The wholesale market, whether in the form of a pool or the BETTA arrangements, has as a prime function the organisation of adjustments of output (and demand), and the scheduling and dispatch of plant, to accommodate variations in demand and the availability/ performance of different generating plant.

This feature would continue, certainly while there remained significant volumes of fossil plant, with the main fossil generators continuing to, in effect, bid into the market on the basis of their fuel costs.

One possible scenario would have the generators under contractual supply obligations to supply, but trading with each other in a “generators’ pool” in order to avoid penalties under the terms of their contracts with the agency, or to reduce costs by “buying in” from a cheaper source of supply. This retains the important feature of a competitive market in maintaining continuing pressures for efficient operation.

EU ETS. Existing generators, and any generators with CO2 emissions, would continue to include CO2 costs under ETS arrangements when bidding into wholesale markets.
If they entered into contracts with the agency they would need to take these costs, and their uncertainties, into account. Their contracts would probably specify prices for kWh output with a CO2 cost pass through, passing the market price risk to the agency.

Renewables obligation. Existing contracts under RO rules would continue to apply but new renewable generation would not receive ROCs and would not be included in the RO target for each year or the accredited generation.

Note. These observations reflect the inherently incremental nature of our agency proposal. While we believe that, in the interests of urgency, there is a strong case for its introduction as soon as possible for all new projects qualifying as low-carbon generation.

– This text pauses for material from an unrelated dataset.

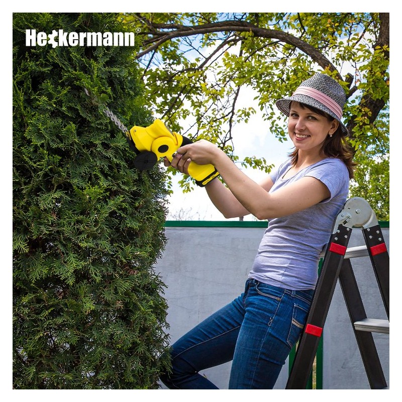 Die Heckenschere mit Ausleger eignet sich zum Schneiden sowohl höherer als auch niedrigerer Hecken vom Boden aus. Dank des Auslegers erreichen Sie auch sehr hohe Zweige und Blätter, die das ästhetische Erscheinungsbild Ihrer Hecke beeinträchtigen. Der ausziehbare Rahmen erhöht den Arbeitskomfort und reduziert den Zeitaufwand für das Heckenschneiden auf ein Minimum.

But as the rate of implementation would reflect the number of projects coming forward there can be an orderly transition, with existing arrangements continuing to apply to declining existing generation assets.

How would intermittent and CCS plant be handled. All plant would be subject to scheduling and dispatch arrangements determined under the terms of the contract with the agency, which may allow for bidding into a generators’ pool.

Intermittent plant might normally be scheduled and dispatched by the agency/ system operator in such a way as to optimise its deployment taking into account its technical characteristics for intermittency and uncertain output parameters.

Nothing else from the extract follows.